** Data records follows **
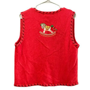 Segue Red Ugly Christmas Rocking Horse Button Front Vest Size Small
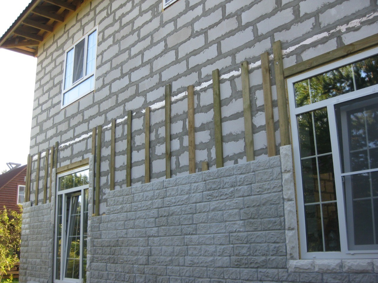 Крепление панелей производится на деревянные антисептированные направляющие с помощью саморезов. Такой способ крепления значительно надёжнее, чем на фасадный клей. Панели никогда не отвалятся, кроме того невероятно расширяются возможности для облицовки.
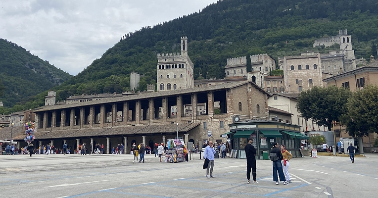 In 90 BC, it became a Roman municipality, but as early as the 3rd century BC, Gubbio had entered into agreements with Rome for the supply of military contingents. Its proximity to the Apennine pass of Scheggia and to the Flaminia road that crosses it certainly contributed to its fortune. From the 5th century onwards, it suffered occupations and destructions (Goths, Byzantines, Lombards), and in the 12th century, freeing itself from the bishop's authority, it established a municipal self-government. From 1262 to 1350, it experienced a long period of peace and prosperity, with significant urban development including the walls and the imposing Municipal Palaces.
** End of Data records **
** Data records follows **
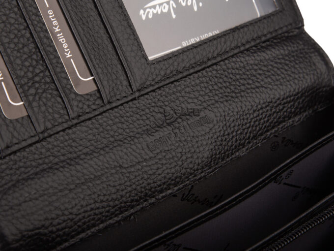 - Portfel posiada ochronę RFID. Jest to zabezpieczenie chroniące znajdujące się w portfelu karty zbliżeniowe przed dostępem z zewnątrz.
** End of Data records **
** Data records follows **
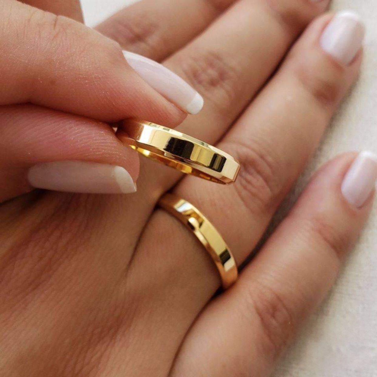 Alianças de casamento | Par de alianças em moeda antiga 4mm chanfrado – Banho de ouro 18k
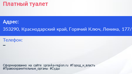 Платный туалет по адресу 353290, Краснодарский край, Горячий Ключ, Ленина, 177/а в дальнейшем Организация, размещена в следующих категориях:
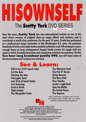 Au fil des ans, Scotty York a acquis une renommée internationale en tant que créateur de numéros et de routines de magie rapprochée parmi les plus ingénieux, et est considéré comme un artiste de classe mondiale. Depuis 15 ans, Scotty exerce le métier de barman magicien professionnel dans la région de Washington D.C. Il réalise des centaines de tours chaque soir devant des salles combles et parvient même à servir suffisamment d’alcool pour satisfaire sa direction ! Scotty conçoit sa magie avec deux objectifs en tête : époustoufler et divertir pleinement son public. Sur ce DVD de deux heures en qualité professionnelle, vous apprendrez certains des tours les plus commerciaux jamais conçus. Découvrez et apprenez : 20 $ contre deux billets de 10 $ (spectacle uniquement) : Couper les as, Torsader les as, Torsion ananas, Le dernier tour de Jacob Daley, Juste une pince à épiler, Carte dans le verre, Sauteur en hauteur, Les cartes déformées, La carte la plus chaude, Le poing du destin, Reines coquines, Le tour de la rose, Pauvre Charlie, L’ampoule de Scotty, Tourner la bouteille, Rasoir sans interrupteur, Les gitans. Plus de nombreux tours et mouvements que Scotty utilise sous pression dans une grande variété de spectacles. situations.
** End of Data records **
Starting at the line that contains "Крепление панелей производится" and ending at the line that contains "In 90 BC, it", transcribe the material above exactly, excluding pictures.

 Крепление панелей производится на деревянные антисептированные направляющие с помощью саморезов. Такой способ крепления значительно надёжнее, чем на фасадный клей. Панели никогда не отвалятся, кроме того невероятно расширяются возможности для облицовки.
 In 90 BC, it became a Roman municipality, but as early as the 3rd century BC, Gubbio had entered into agreements with Rome for the supply of military contingents. Its proximity to the Apennine pass of Scheggia and to the Flaminia road that crosses it certainly contributed to its fortune. From the 5th century onwards, it suffered occupations and destructions (Goths, Byzantines, Lombards), and in the 12th century, freeing itself from the bishop's authority, it established a municipal self-government. From 1262 to 1350, it experienced a long period of peace and prosperity, with significant urban development including the walls and the imposing Municipal Palaces.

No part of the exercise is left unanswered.